(Source data)
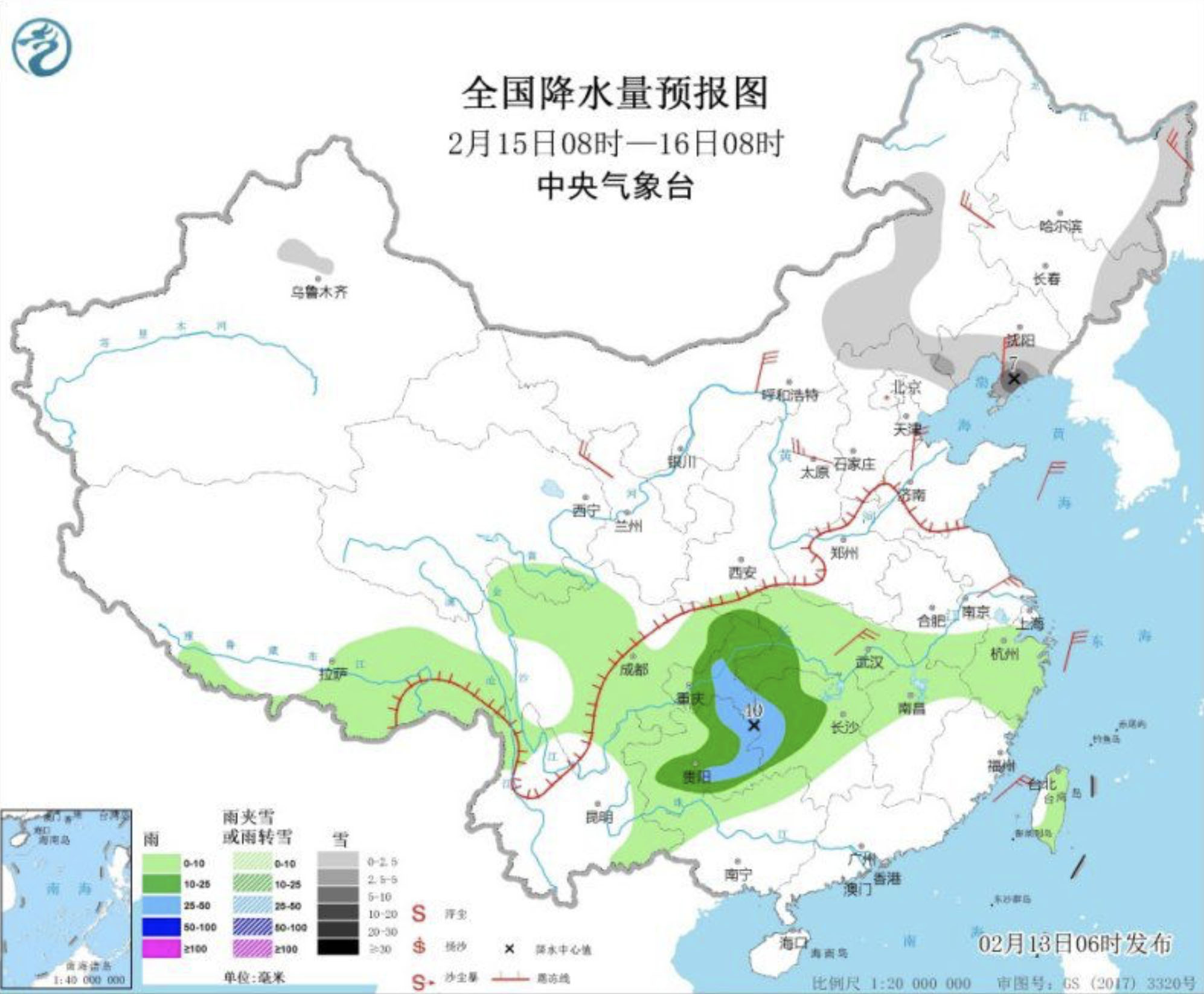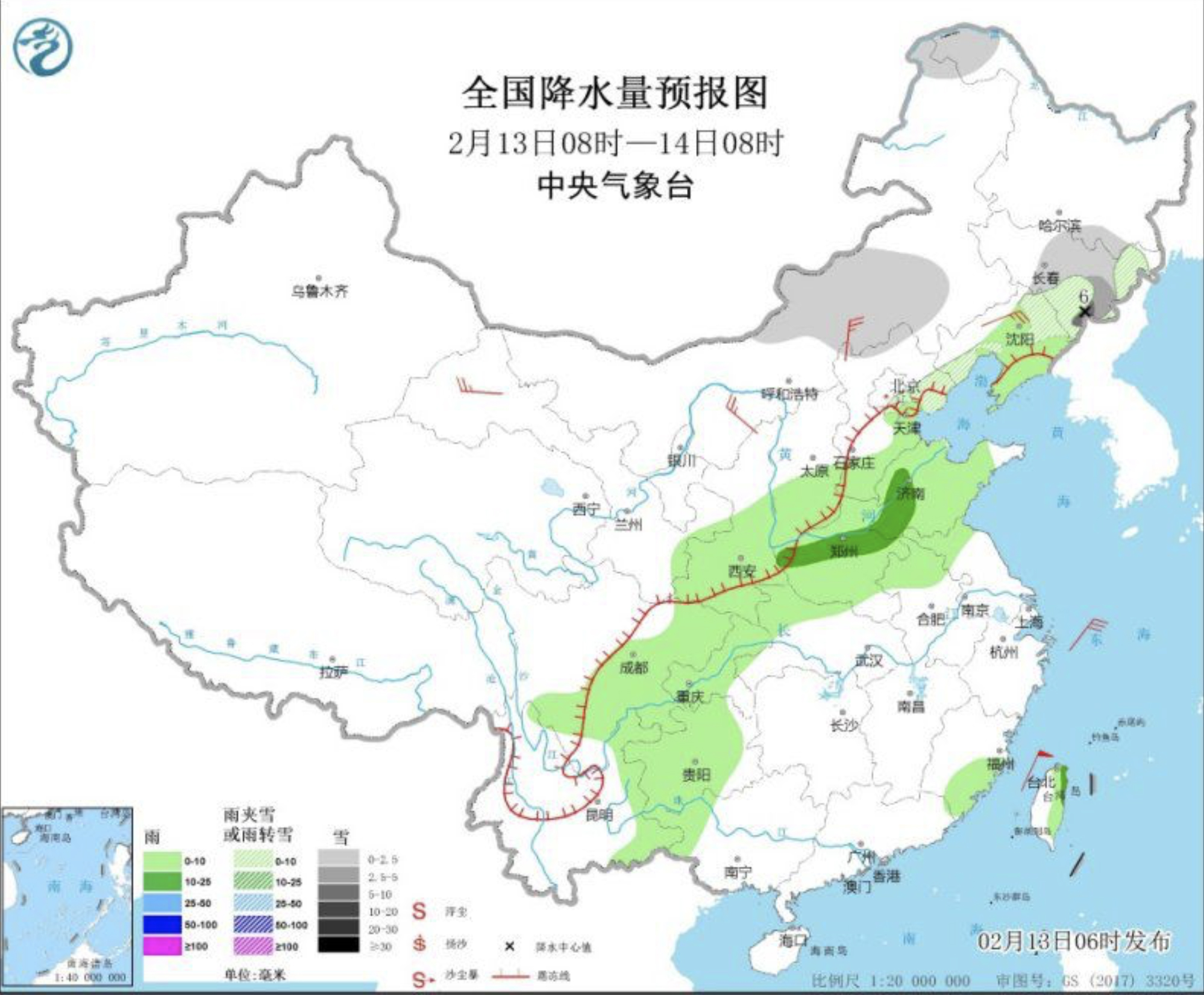 △全国降水量预报图(2月13日08时—14日08时)
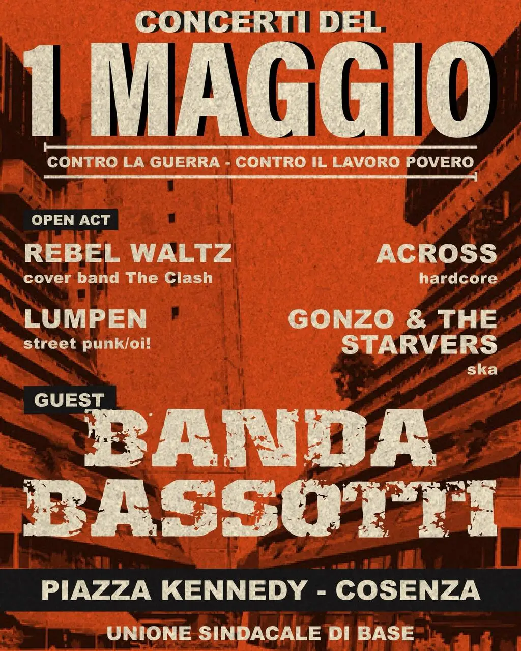 Durante la giornata si alterneranno momenti di riflessione e confronto, con tavole rotonde sui temi della pace, della lotta al precariato e della difesa dei diritti sociali. Sul palco si esibiranno anche numerosi gruppi musicali locali, insieme a nomi noti come i Lumpen e la Banda Bassotti, per un Primo Maggio che sarà anche festa, condivisione e cultura. L’obiettivo è chiaro: costruire insieme un’alternativa fondata sulla solidarietà, sulla giustizia sociale e sul diritto a una vita dignitosa, libera da guerra, sfruttamento e disuguaglianza.
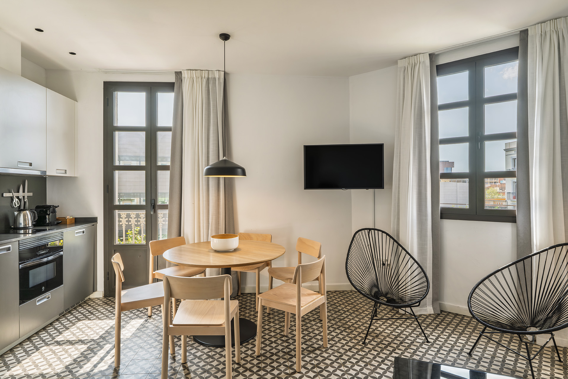 Apartamento elegante de dois quartos e duas casas de banho localizado na zona de Poblenou, ideal para um grupo de até cinco pessoas. Com seu design moderno, pisos em azulejo e abundante luz natural, este apartamento oferece uma estadia confortável e tranquila em Barcelona. Além disso, possui um terraço na cobertura com piscina compartilhada.
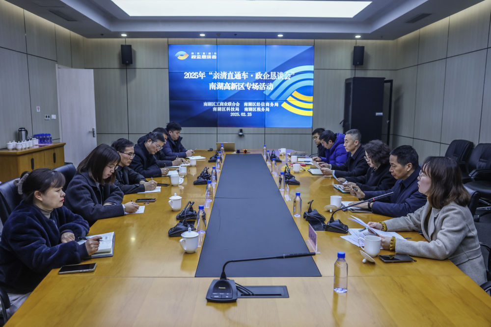 2025年2月25日,浙江省嘉興市南湖區(qū)工商聯(lián)召開(kāi)“親清直通車(chē)·政企懇談會(huì)”,為企業(yè)排憂解難,助力民營(yíng)企業(yè)穩(wěn)健發(fā)展。新華社記者 徐昱 攝
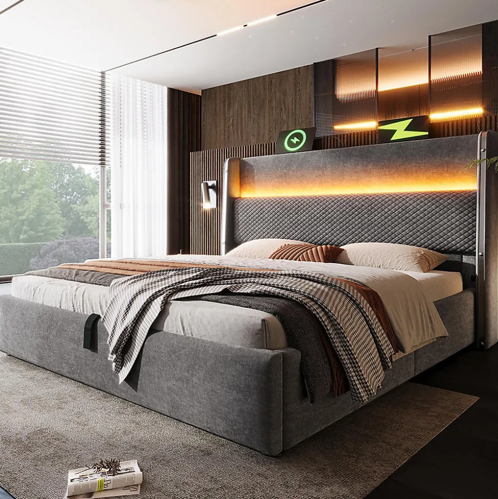 - 【Éclairage LED et ports de chargement】 Une bande lumineuse LED intégrée à la tête de lit, contrôlable à l’aide de boutons, d’une application ou d’une télécommande, offre plus de 60 000 options de couleurs, une minuterie et plusieurs modes d’éclairage dynamiques, créant ainsi une atmosphère romantique. Une station de recharge pratique située sur la tête de lit offre des options de recharge USB et Type-C pour les smartphones, tablettes et autres appareils, garantissant ainsi une expérience utilisateur plus intelligente et plus confortable.
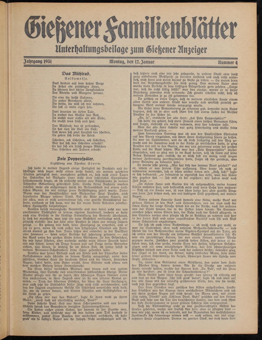 Jahrgang 1931 Montag, den 12.Januar Nummer 4
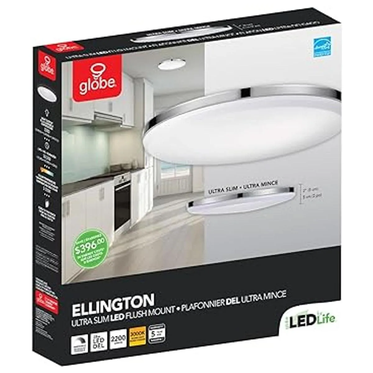LED integrado: LED integrado de 28 W, 2200 lúmenes, 3000 Kelvin, blanco cálido, 80 CRI, 50.000 horas de vida útil
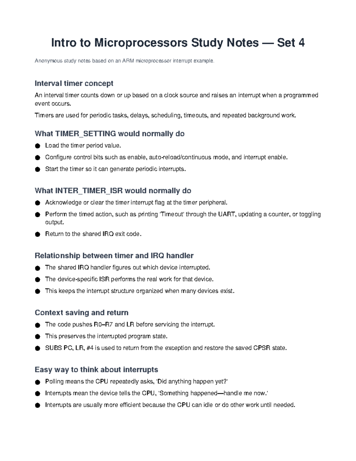 Microprocessors (CSE101) Study Notes: ARM Interrupts & Timers - Studocu
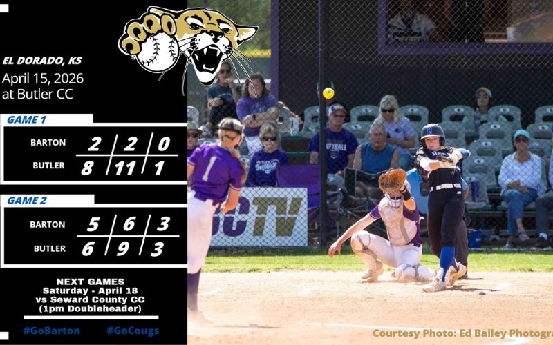 The Cougars fall to 14-10 in conference play and 22-20 overall, while Butler improves to 14-6 in the Jayhawk and 20-14 on the season. Barton returns home Saturday to host Seward County for a 1:00 p.m. first pitch.
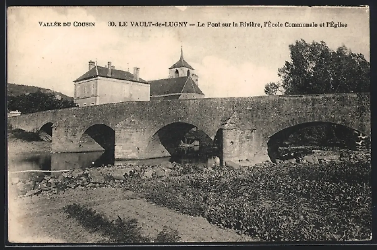 AK Le Vault-de-Lugny, Le Pont sur la Rivière, l`École Communale et l`Église
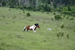 Grayson Highlands State Park, adjacent to the wilderness, contains balds, large open grassy areas at a high elevation with good views in many directions. Ponies have been introduced into the highlands and allowed to run wild while grazing the balds.[10]
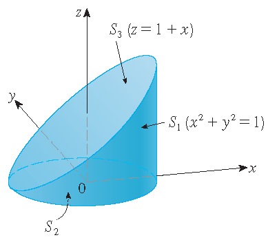 Het bovenste oppervlak \(S_3\) ligt boven de eenheidscirkelschijf \(x^2+y^2\leq 1\) en is deel van het vlak \(z=1+x\) dat de grafiek is van een functie van twee variabelen:
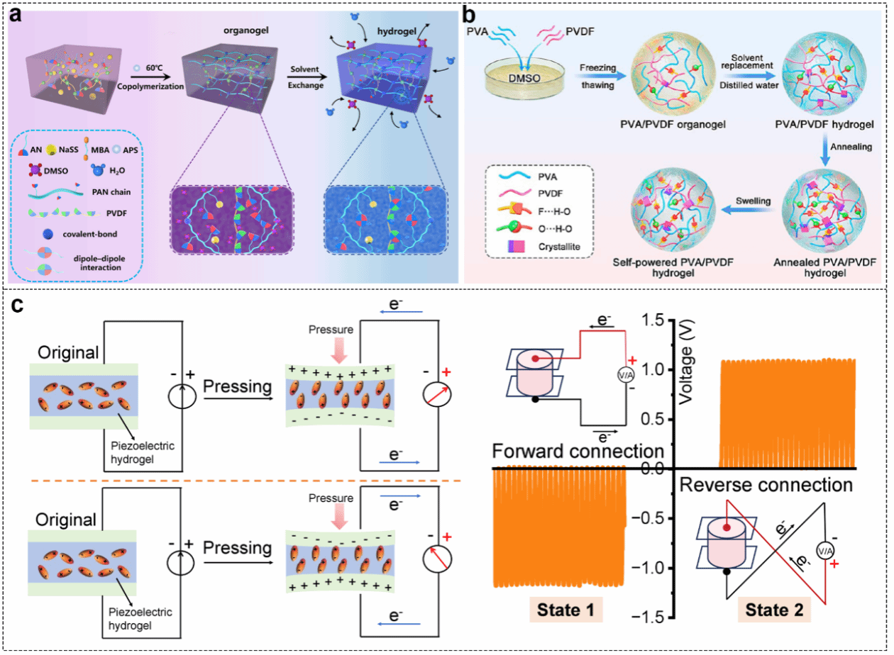 图6. 压电式自供能水凝胶传感器。(a)PAN-PVDF水凝胶的形成及其机电响应特性;(b)压电型PVA/PVDF复合水凝胶及其发电能力;(c)P(AM-co-AN)水凝胶的工作原理与压电输出特性。

- _Exercise_
Print, exactly, each line above from the one with "Jahrgang 1931 Montag, den 12.Januar Nummer 4" to the one with "AK Le Vault-de-Lugny, Le", end lines included. Leave pictures out of it.

- _Reply_
 Jahrgang 1931 Montag, den 12.Januar Nummer 4
LED integrado: LED integrado de 28 W, 2200 lúmenes, 3000 Kelvin, blanco cálido, 80 CRI, 50.000 horas de vida útil
 Microprocessors (CSE101) Study Notes: ARM Interrupts & Timers - Studocu
 The Cougars fall to 14-10 in conference play and 22-20 overall, while Butler improves to 14-6 in the Jayhawk and 20-14 on the season. Barton returns home Saturday to host Seward County for a 1:00 p.m. first pitch.
 AK Le Vault-de-Lugny, Le Pont sur la Rivière, l`École Communale et l`Église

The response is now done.